Artist Fiona Banner’s fascination with military aircraft goes back a long way.
From childhood walks with her dad when fighter jets ripped through the Welsh valley, she first experienced a sense of excitement and fear that has stayed with her since. She watched war films as a young woman, and for an early artwork called The Nam she wrote out the entire action of Full Metal Jacket, The Deerhunter, Apocalypse Now, Platoon, Hamburger Hill and Born on the Fourth of July. In the 1,000 pages of text, a helicopter sound appears as wpwpwp. This forms the title of her latest exhibition Wpwpwp at the Yorkshire Sculpture Park.
In the gallery, a pair of military helicopter blades spin from the ceiling. They’re configured to rotate in opposite directions, like a Chinook helicopter – used in Vietnam and still in service today. It’s a display of might – their size and proximity overwhelms viewers who stand with their faces turned upwards, as blades slice the air like knives above them. I’m frightened they might crash, or cut a person in half. Like in Harrier and Jaguar – she strung a decommissioned Sea Harrier from the ceiling of Tate Britain where it hung like a dead pterodactyl – this piece of aircraft creates an odd and compelling aesthetic.
Contradictions swirl like the blades around the room. Banner’s childhood emotions are here: excitement and terror, revulsion and admiration. To stand beneath it feels potent, uncomfortable. A display of power, which usually remains distant and detached is brought up close and intimate. It’s criticised, and yet there’s a sense of awe and wonderment too.

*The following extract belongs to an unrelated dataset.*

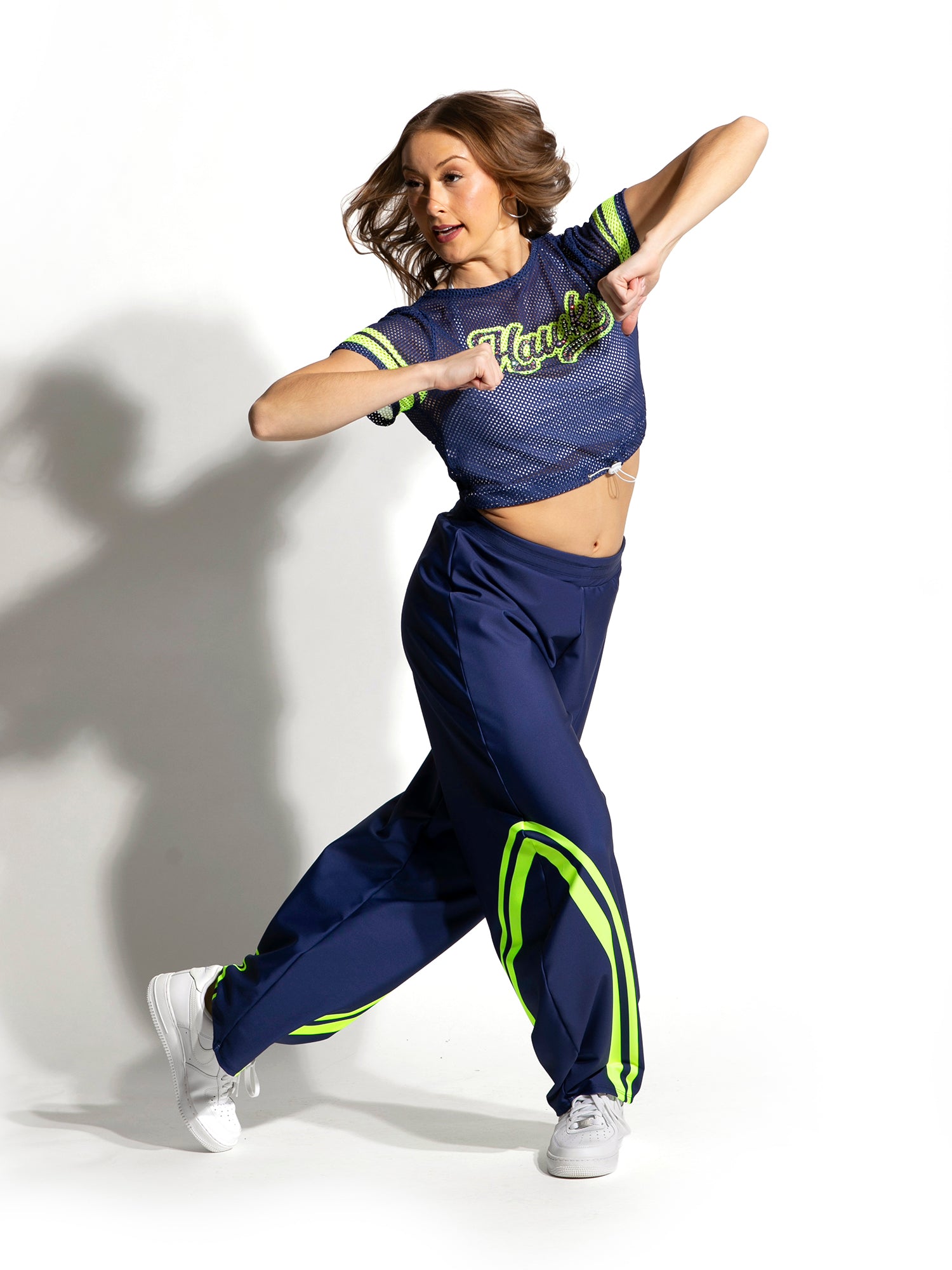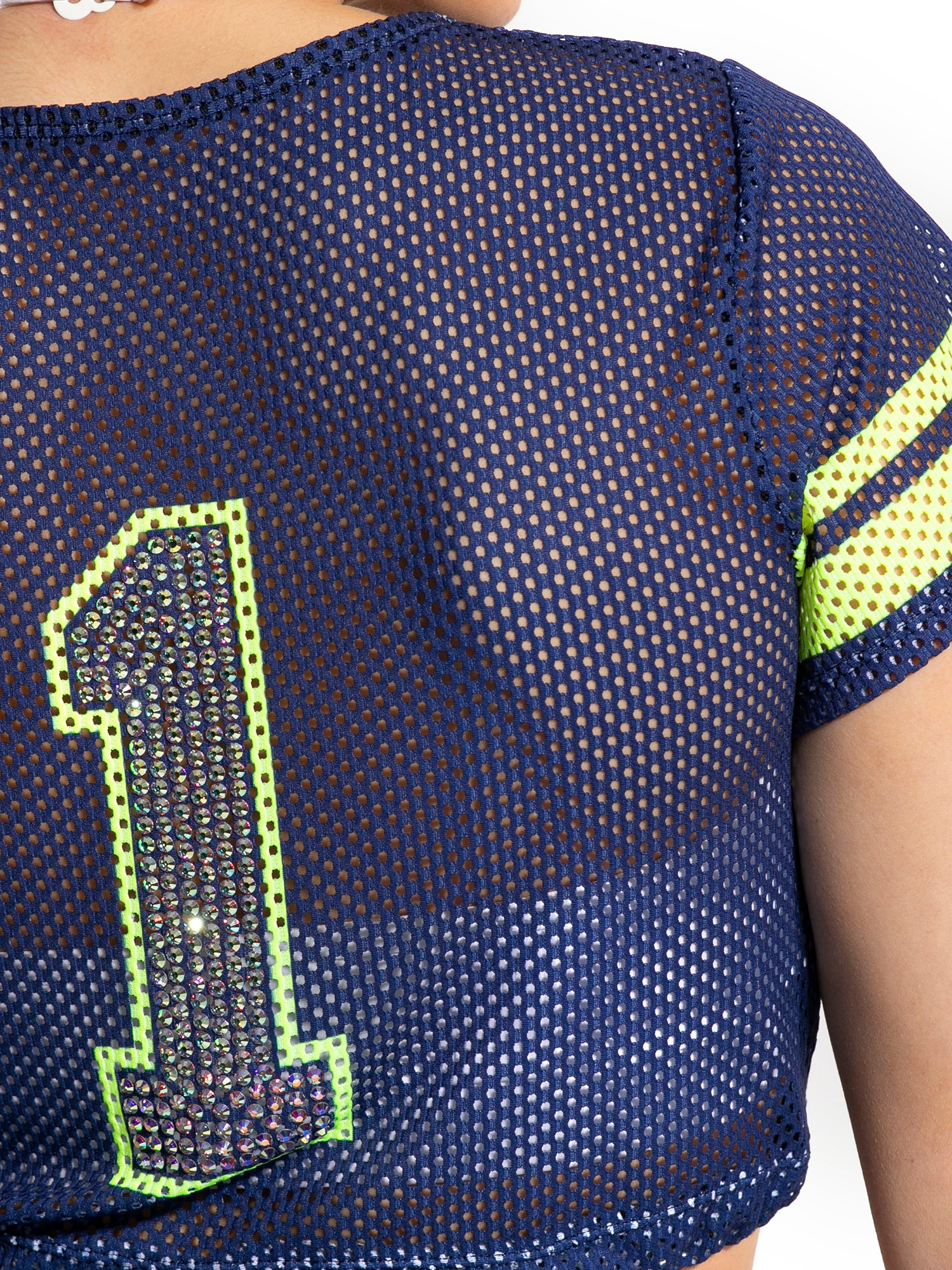 - Sporty jersey inspired sublimated pop mesh overlay with a drawstring hem and add-on rhinestones

A series of different-shaped holes make windows in darkened glass along the gallery’s front. It’s a row of full stops in various fonts: Times New Roman, one splodge is from the Peanuts cartoon. They’re a pause, a breath, when nothing is said. Their view is out over a ha-ha into pristine Yorkshire landscape, they float above cattle, stone walls, a lake in the distance. It’s a play on sculpture in a landscape, which is man-made and not as organic as it appears – and a slight dig at hubris, of giant bronzes in the park.

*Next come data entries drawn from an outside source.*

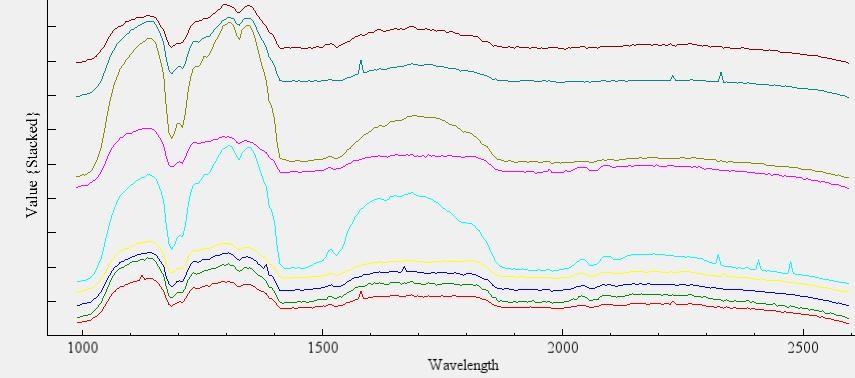 選取不同的目標對象,獲取相應(yīng)的光譜,植被的光譜在680nm以后分反射率會提高,而非植被所表現(xiàn)出來的紅邊效應(yīng)與真實的植被的紅邊效應(yīng)有很大的差別。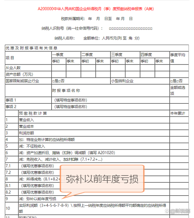 根据《国家税务总局关于填报企业所得税月(季)度预缴纳税申报表有关问题的通知》(国税函2008年635号)规定,纳税人企业按实际利润额预缴企业所得税,实际利润额填报按照会计制度核算的利润总额减除以前年度待弥补亏损以及不征税收入、免税收入后的余额。(www.Ws46.com) 从《A200000中华人民共和国企业所得税月(季)度预缴纳税申报表(A类)》中可以看出,第9行有“减:弥补以前年度亏损”项目,需要注意企业所得税弥补以前年度亏损的时间限制。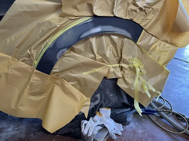 クオーターパネルはサフェーサーを塗布→ペーパーで研いで面を整える、という作業を数回行い変形が分からないように修理していきます。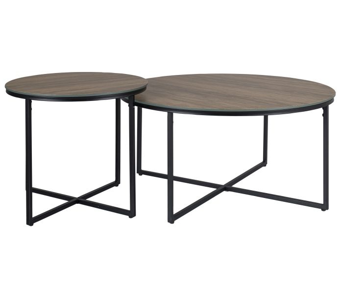 Ett par fina satsbord med vintage design. Borden är tillverkade i svart pulverlackad metall med valnötsmelamin.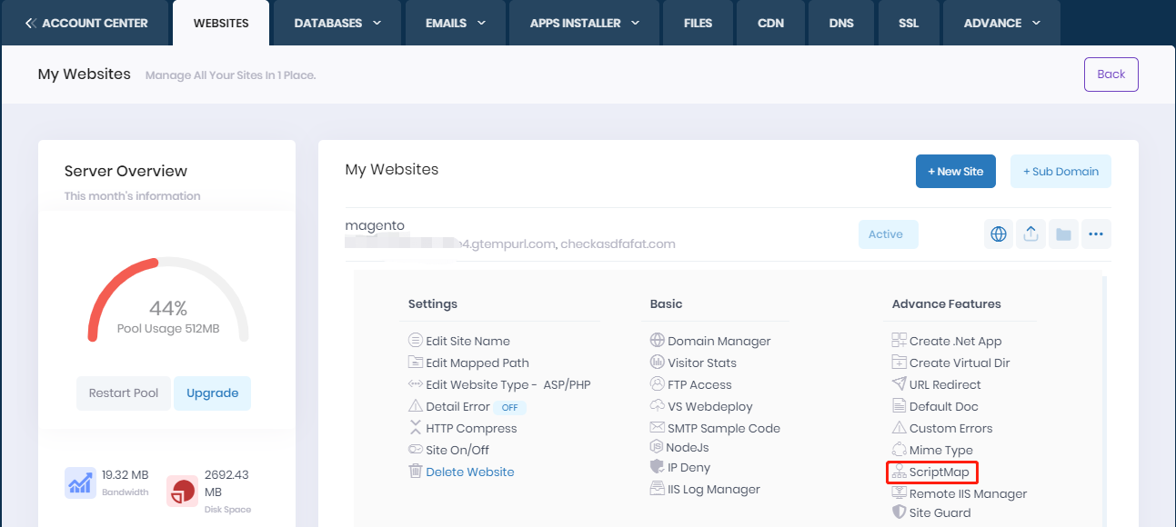 1. Login to your hosting control panel -->WEBSITES --> Manage Website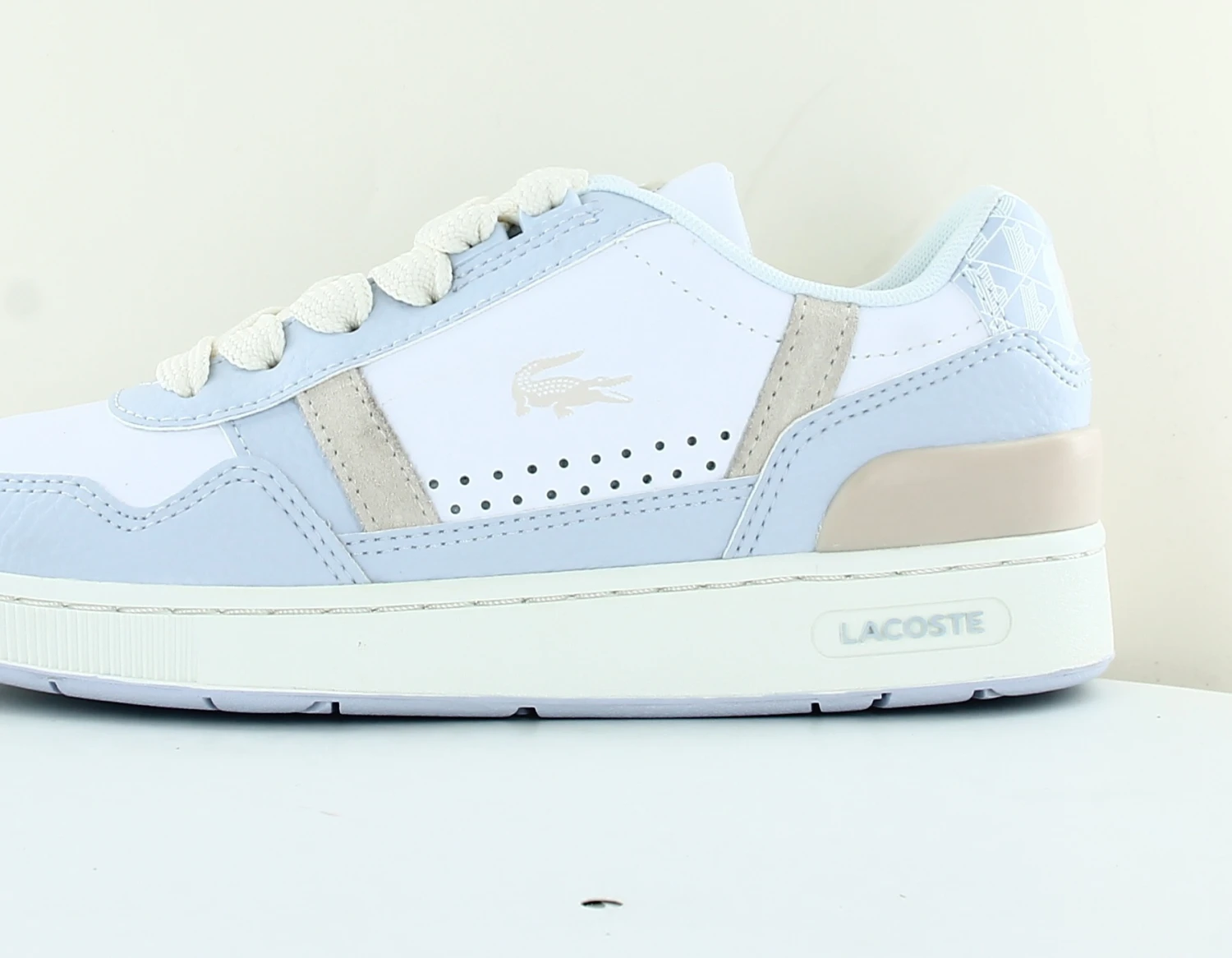 ACHETER la Lacoste Tclip premium blanc bleu ciel beige de la nouvelle collection printemps été 2023.

Intermission is a filmic version of the full stops, the space in between. For Banner it’s a moment when she couldn’t find what she wanted to say, and struggled to make anything. There’s pathos in her films. Tête à Tête shows two mechanically operated windsocks act out a romance as they blow to each other through the trees.

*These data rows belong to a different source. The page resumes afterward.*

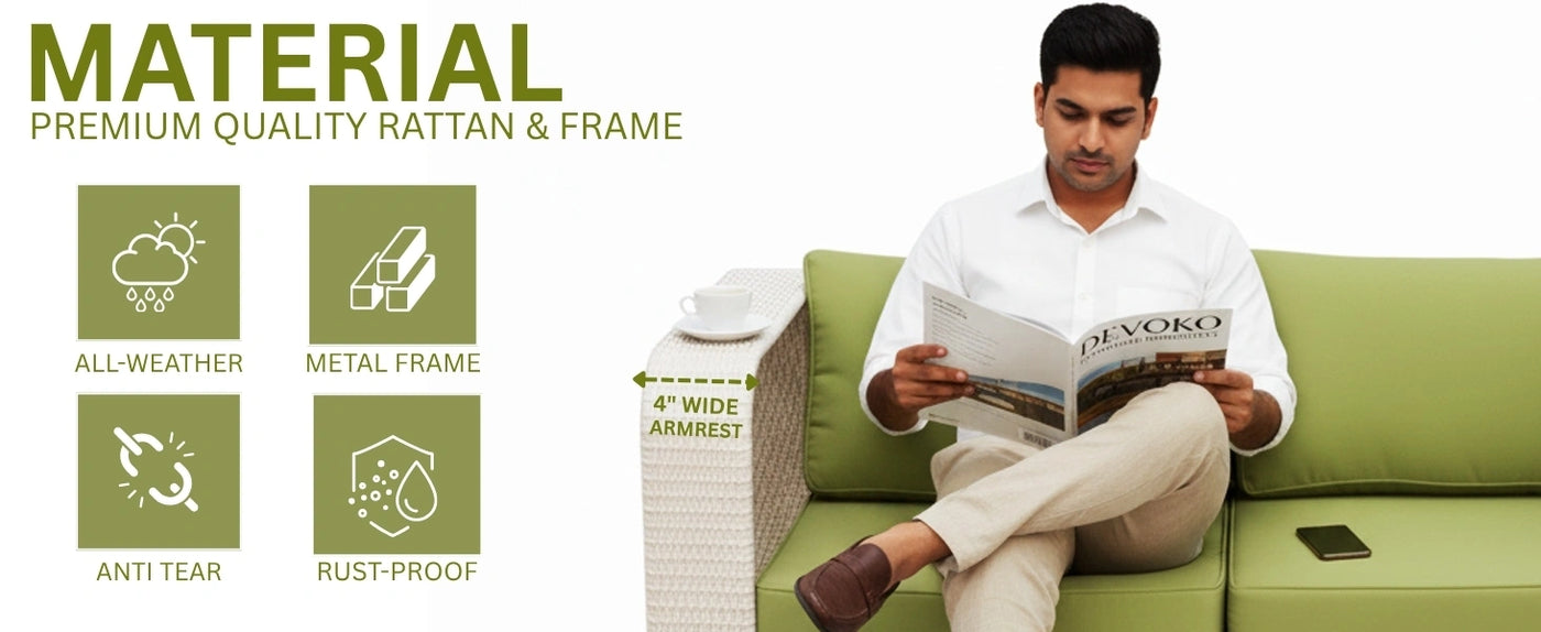 - All-Weather HDPE Wicker Construction : Crafted with handwoven, high-density polyethylene (HDPE) wicker that is UV-resistant and fade-proof, ensuring long-lasting performance in sun, rain, or humidity.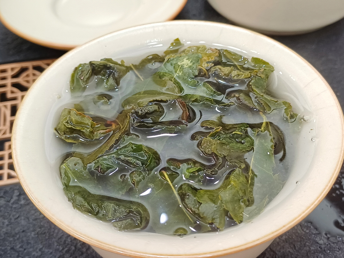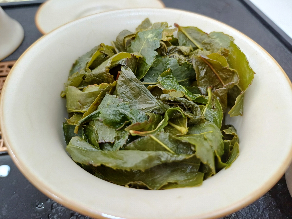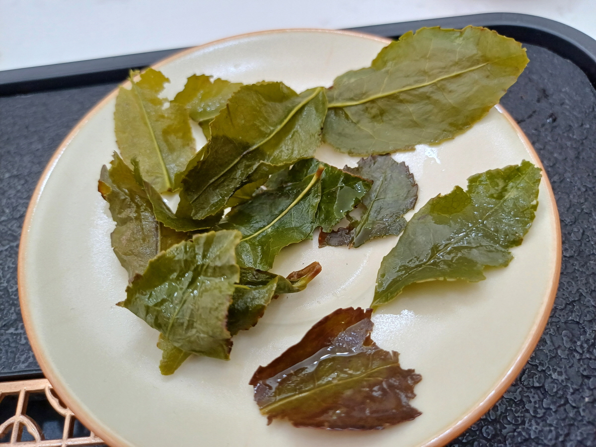 우려낸 찻잎을 따로 펼쳐서 감상을 해봤다. 대부분 단엽(单叶)으로 구성되어 있었으며, 우롱차의 특징인 우려낸 찻잎의 가장자리가 붉은색을 띠는 녹엽홍상변(绿叶红镶边)의 모습도 관찰이 가능했다.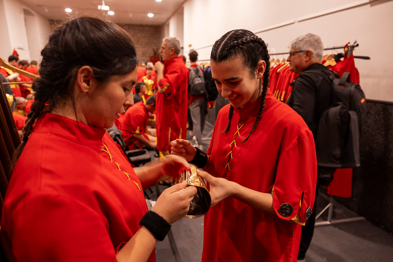 At the mentioned time they go out in formation and carry out a parade through different streets, also performing the figures called sardanas, crosses and others, in a row of 2 or 4 depending on the streets they pass through and if they go in a long step - which is used for the parade and exhibitions - or a shorter one - processional-.

In Mirror, the actress Samantha Morton reads the artist’s nude portrait of her, rendered in word not image. “Wide hips stretching her baby fucked stomach,” she says. Through language we imagine her naked body as she reveals it to us, it’s unflattering, raw. Morton falters, embarrassed before the crowd. It’s a brave performance, an exploration of nude portraiture’s history.
War poets who are women have written about war from home, of absence, trauma and death. There’s lyricism within Banner’s work, poetic form in the rhythm of the helicopters’ blades, in her use of language, intermissions and full stop.